RECORDS FOR THE TASK:
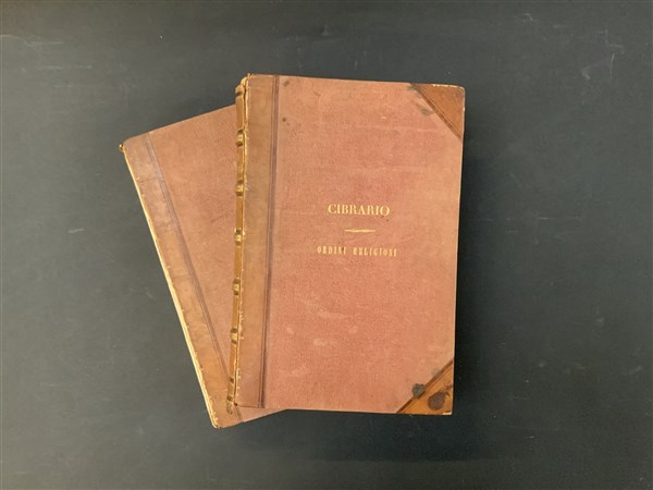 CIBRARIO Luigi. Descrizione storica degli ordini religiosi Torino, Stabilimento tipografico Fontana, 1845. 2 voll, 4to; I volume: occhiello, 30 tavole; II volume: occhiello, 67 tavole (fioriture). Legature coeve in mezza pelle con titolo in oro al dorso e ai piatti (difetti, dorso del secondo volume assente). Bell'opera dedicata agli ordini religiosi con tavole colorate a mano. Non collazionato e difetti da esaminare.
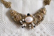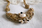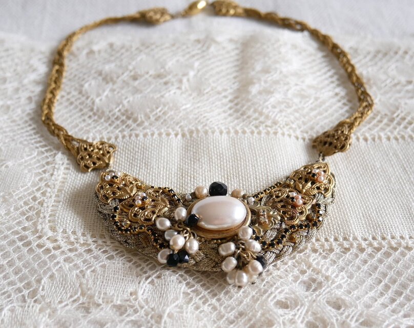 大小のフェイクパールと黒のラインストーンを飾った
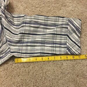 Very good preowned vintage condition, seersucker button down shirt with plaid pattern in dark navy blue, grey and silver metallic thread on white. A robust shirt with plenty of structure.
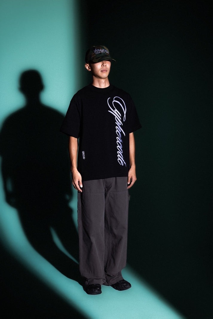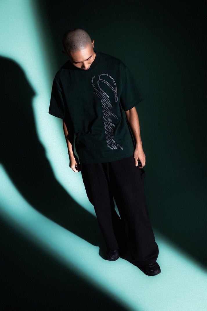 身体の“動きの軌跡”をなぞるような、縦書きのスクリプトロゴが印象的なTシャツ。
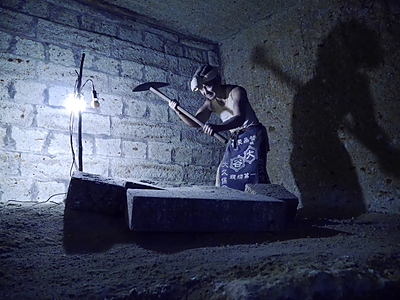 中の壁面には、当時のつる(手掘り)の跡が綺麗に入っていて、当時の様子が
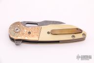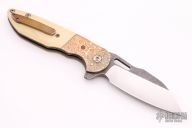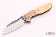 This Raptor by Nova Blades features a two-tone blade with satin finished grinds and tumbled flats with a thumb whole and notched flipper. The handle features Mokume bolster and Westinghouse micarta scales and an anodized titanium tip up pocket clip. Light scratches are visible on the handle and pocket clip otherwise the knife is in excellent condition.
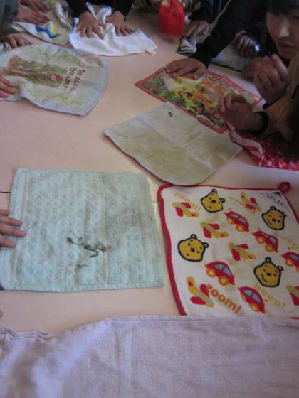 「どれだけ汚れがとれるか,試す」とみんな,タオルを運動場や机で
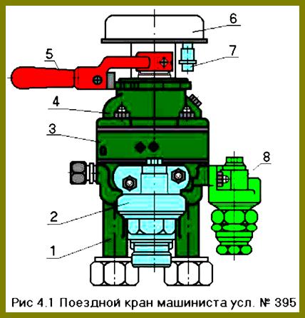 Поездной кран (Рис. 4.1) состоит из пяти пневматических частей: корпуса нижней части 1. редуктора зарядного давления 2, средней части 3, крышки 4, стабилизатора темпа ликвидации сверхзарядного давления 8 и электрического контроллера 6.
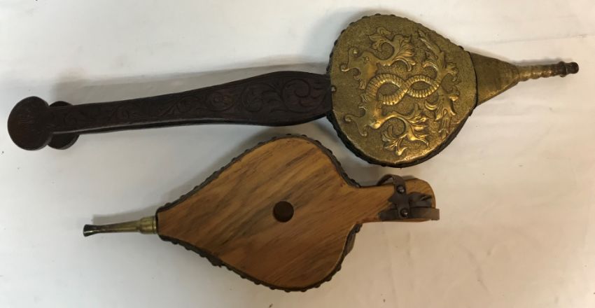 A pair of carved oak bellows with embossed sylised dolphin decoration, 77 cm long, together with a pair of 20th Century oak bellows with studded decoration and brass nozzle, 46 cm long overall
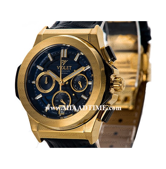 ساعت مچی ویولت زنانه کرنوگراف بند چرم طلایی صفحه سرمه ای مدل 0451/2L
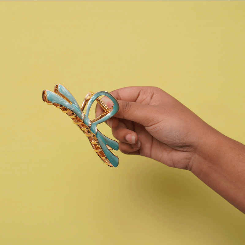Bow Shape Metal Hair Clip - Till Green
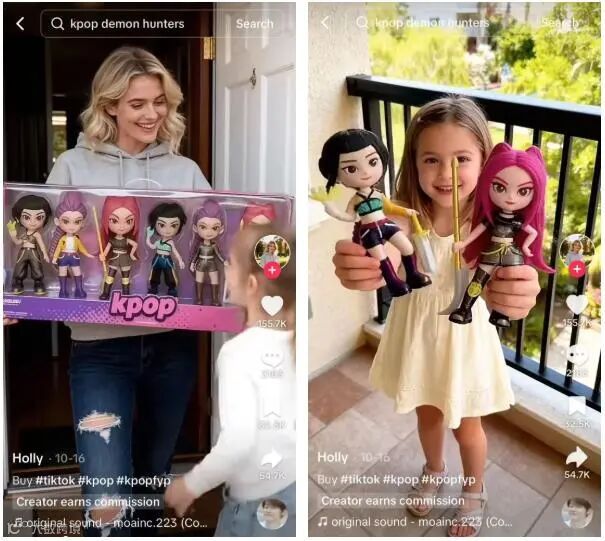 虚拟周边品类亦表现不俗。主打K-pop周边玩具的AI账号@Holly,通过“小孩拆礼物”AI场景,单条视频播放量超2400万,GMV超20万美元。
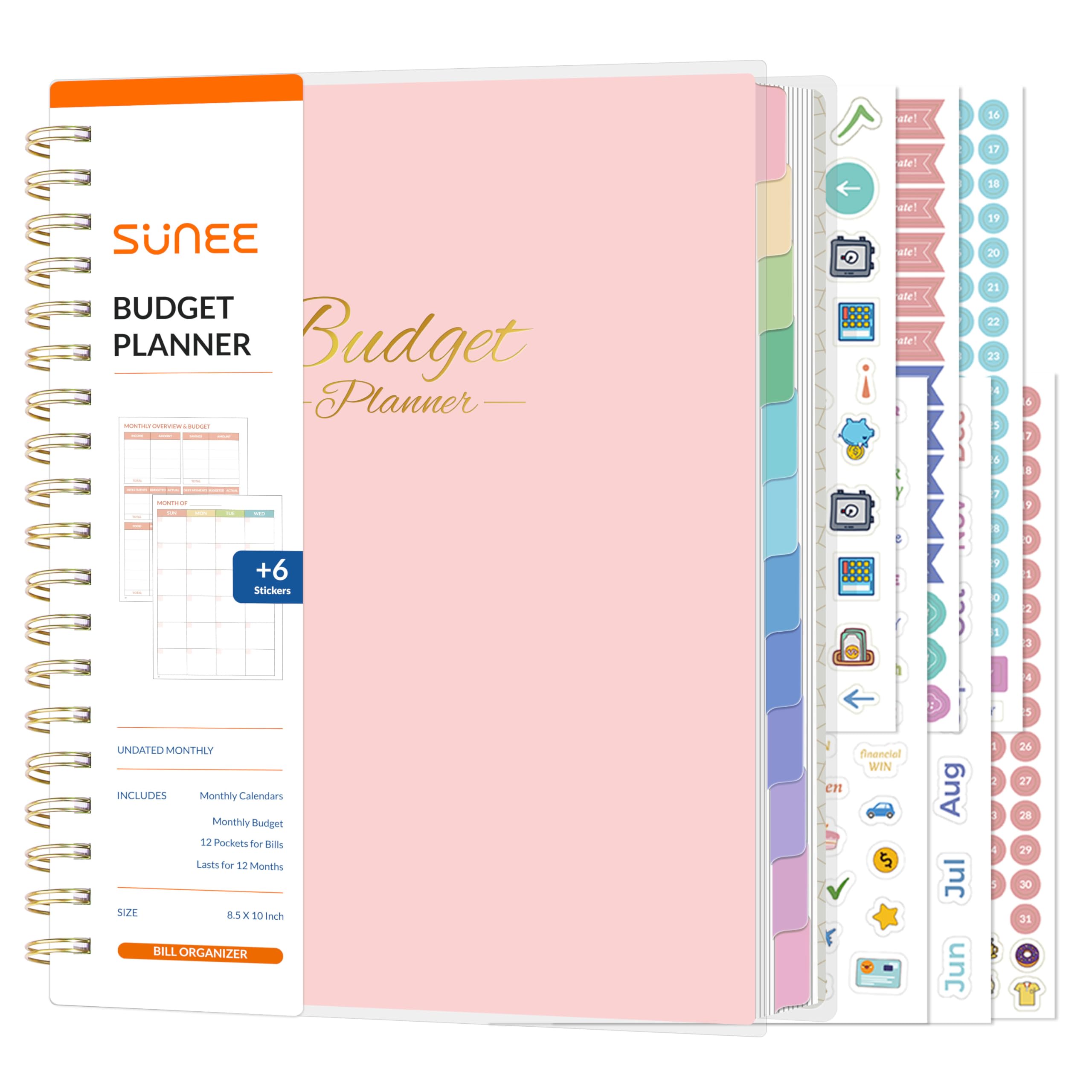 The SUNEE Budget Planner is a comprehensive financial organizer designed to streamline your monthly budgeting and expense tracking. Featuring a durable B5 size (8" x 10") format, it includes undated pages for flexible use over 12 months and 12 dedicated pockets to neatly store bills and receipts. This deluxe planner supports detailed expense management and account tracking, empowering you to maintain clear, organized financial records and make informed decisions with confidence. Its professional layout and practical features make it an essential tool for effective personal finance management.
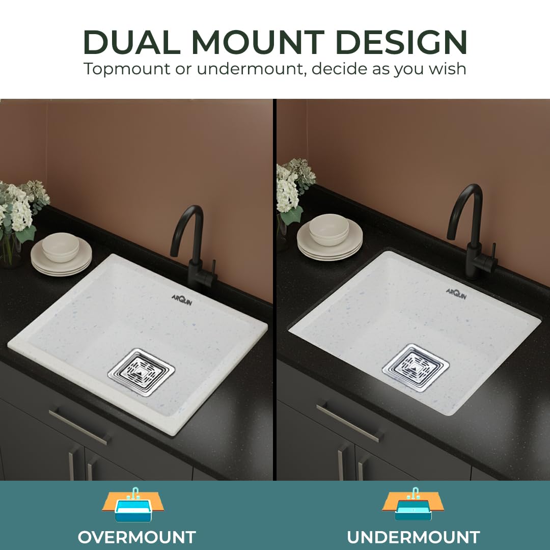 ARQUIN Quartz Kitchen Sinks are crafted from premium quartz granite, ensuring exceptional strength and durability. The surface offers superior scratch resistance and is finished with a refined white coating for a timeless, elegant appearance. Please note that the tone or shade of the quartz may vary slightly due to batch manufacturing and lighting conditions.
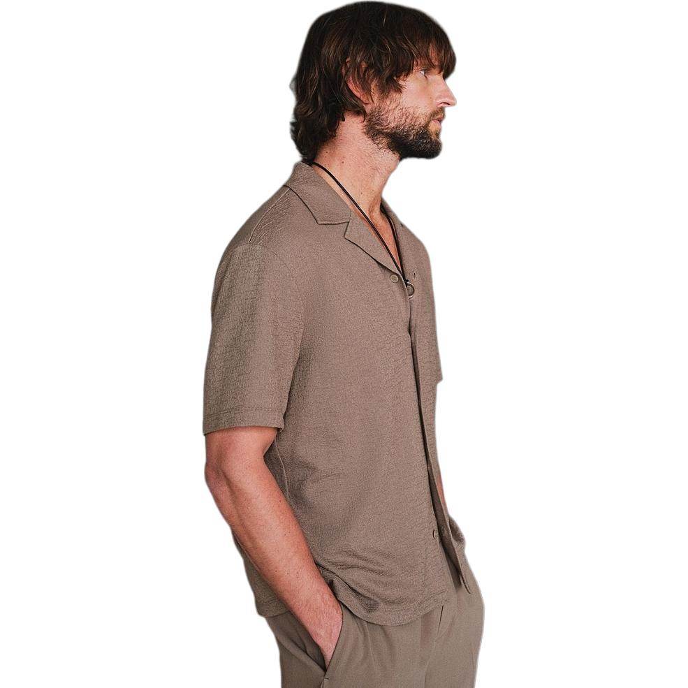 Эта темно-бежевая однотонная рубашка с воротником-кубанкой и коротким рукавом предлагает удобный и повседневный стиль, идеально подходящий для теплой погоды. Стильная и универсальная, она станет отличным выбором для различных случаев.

WHAT IS BEING ASKED: From the line that contains "ساعت مچی ویولت" through the last line of the entries, transcribe every line exactly, leaving out the pictures.

WRITTEN ANSWER:
 ساعت مچی ویولت زنانه کرنوگراف بند چرم طلایی صفحه سرمه ای مدل 0451/2L
Bow Shape Metal Hair Clip - Till Green
 虚拟周边品类亦表现不俗。主打K-pop周边玩具的AI账号@Holly,通过“小孩拆礼物”AI场景,单条视频播放量超2400万,GMV超20万美元。
 The SUNEE Budget Planner is a comprehensive financial organizer designed to streamline your monthly budgeting and expense tracking. Featuring a durable B5 size (8" x 10") format, it includes undated pages for flexible use over 12 months and 12 dedicated pockets to neatly store bills and receipts. This deluxe planner supports detailed expense management and account tracking, empowering you to maintain clear, organized financial records and make informed decisions with confidence. Its professional layout and practical features make it an essential tool for effective personal finance management.
 ARQUIN Quartz Kitchen Sinks are crafted from premium quartz granite, ensuring exceptional strength and durability. The surface offers superior scratch resistance and is finished with a refined white coating for a timeless, elegant appearance. Please note that the tone or shade of the quartz may vary slightly due to batch manufacturing and lighting conditions.
 Эта темно-бежевая однотонная рубашка с воротником-кубанкой и коротким рукавом предлагает удобный и повседневный стиль, идеально подходящий для теплой погоды. Стильная и универсальная, она станет отличным выбором для различных случаев.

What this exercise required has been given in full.